Guide:
The market teaches you to be an independent thinker. But as long as you're an independent thinker, you're bound to make mistakes.
1. Random transactions lead to low success rate and surge in transaction costs
1. Short-term trading
There are two main reasons for short-term trading losses:
① Random transactions lead to a low success rate and a surge in transaction costs;
②The low success rate causes anxiety, the more you do it, the more you get out of control, and you end up losing a lot of money.
2. Midline trading
The core premise of swing trading is "buy low and sell high within a range". However, traders who are accustomed to oscillating operations will often be defeated by the impact of the general trend if they are not vigilant when the pattern is broken (the original low point or high point is pierced).
In terms of individual stocks, it is more difficult for those with high medium and long-term volatility to outperform the index. Traders should pay attention to individual stocks with low to high volatility, which are more maneuverable.
If stocks with long-term low volatility suddenly fluctuate up and down, it is a sign of a change in the market. The volatility of strong stocks has become lower, and it is necessary to beware of negative declines.
3. Long-term trading
The most critical reason for losing money: it is not that the stocks are poorly selected, but that they are too expensive to buy.
Facing a good business, a good manager also needs a good price.
Under normal circumstances, long-term gold stocks are accompanied by huge controversy at the start-up stage, and then all the way up and all the way, and finally there is no controversy. Everyone is optimistic about it, and it will reach the top.
Controversial stocks are stocks to watch. Without attention, it is a pool of stagnant water.
2. The profit and loss are from the same source, and the consistency of opening and closing positions is maintained
Realizing that losses are part of trading is very important thinking.
After all, there is no one who does not make mistakes, and if he makes a mistake, he may lose money.
Therefore, when formulating a trading plan, you need to take into account the possibility of mistakes, just in case.
Count more wins, count less and win less.
Only with the idea of "just in case" can we have awe of stop loss.

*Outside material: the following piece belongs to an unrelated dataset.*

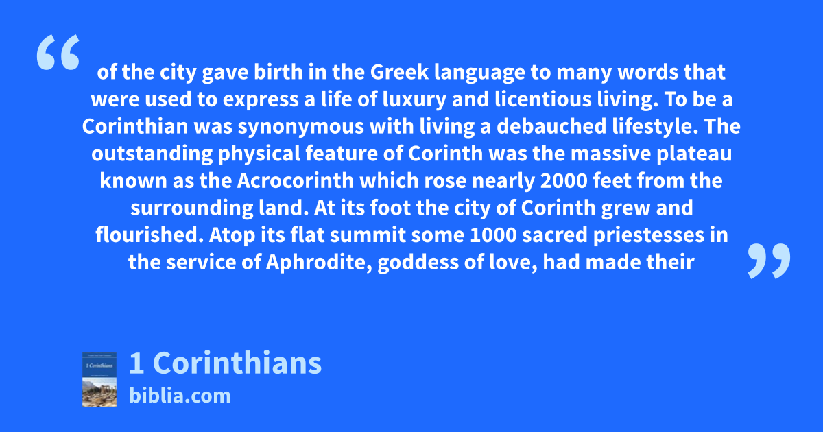 of the city gave birth in the Greek language to many words that were used to express a life of luxury and licentious living. To be a Corinthian was synonymous with living a debauched lifestyle. The outstanding physical feature of Corinth was the massive plateau known as the Acrocorinth which rose nearly 2000 feet from the surrounding land. At its foot the city of Corinth grew and flourished. Atop its flat summit some 1000 sacred priestesses in the service of Aphrodite, goddess of love, had made their

After realizing the importance of stop loss, clarify the basis for stop loss, and maintain the consistency of opening and closing positions, in order to make further profits.
Because of what to buy, you should sell because of what, which is the same principle as profit and loss.
It is worth mentioning that the stop loss should be simple and not complicated, and the mood should be calmed down quickly after the stop loss.
In short, three points must be achieved in the transaction: planning in advance, executing in the event, and recovering afterwards.
3. Think like a trader, not an analyst
1. Short-term stop loss
①The concept of opening a position interval: within the interval, there is no talk of stop profit or stop loss. If the price breaks through the range, you need to consider stop loss or take profit;
② Stop loss position: This is the bottom line for taking risks, which determines where you exit;
③There must be a trader's thinking, not an analyst's thinking. The method of judging whether to stop loss can be technical position, time or event, or even a conflict of ideas in communicating with others, but it may be a good habit to avoid risks first.
2. Medium and long-term stop loss
① Be wary of whether the shock range is broken. When the original high and low points are broken down, it means that the market may be one-sided;
②The formation of the divergence is reversed: the divergence at the top of the high position and the divergence at the bottom of the low position. If not long after a top divergence, an indicator breaking through the previous top divergence is formed in the same time period, indicating that the divergence has been reversed.
③Periodic resonance: If you are dealing with daily K-line fluctuations, you should pay attention to the weekly K-line and hourly line. When the direction of these two is opposite to the direction of the daily K-line, go short or long. That is to say, follow the general trend and go against the small trend.
4. Trading is anti-human, and there are few winners
"Cut off losses and let profits run!"
That being said, it's hard to do because trading is anti-human.
When losing money, most people like to take risks and fight to the death; when making profits, they are afraid of profit-taking, and take the move of avoiding risks and closing positions.
Conversely, the winner tends to protect the principal as much as possible, and use the profit to take appropriate risks, or even take particularly large risks.
Sometimes, seeing the part of the profit turned back, still unwilling to leave the market, but holding the mentality that the profit can be returned, the final result is that there is no profit, or even a loss of the principal.
Regarding this point, we need to understand: floating take profit means that there are many opportunities, so we don't have to stick to this one opportunity. No bull market is impossible to miss.
At the same time, everyone is always dazzled by the victory, and the floating stop profit is a safety valve to keep people vigilant.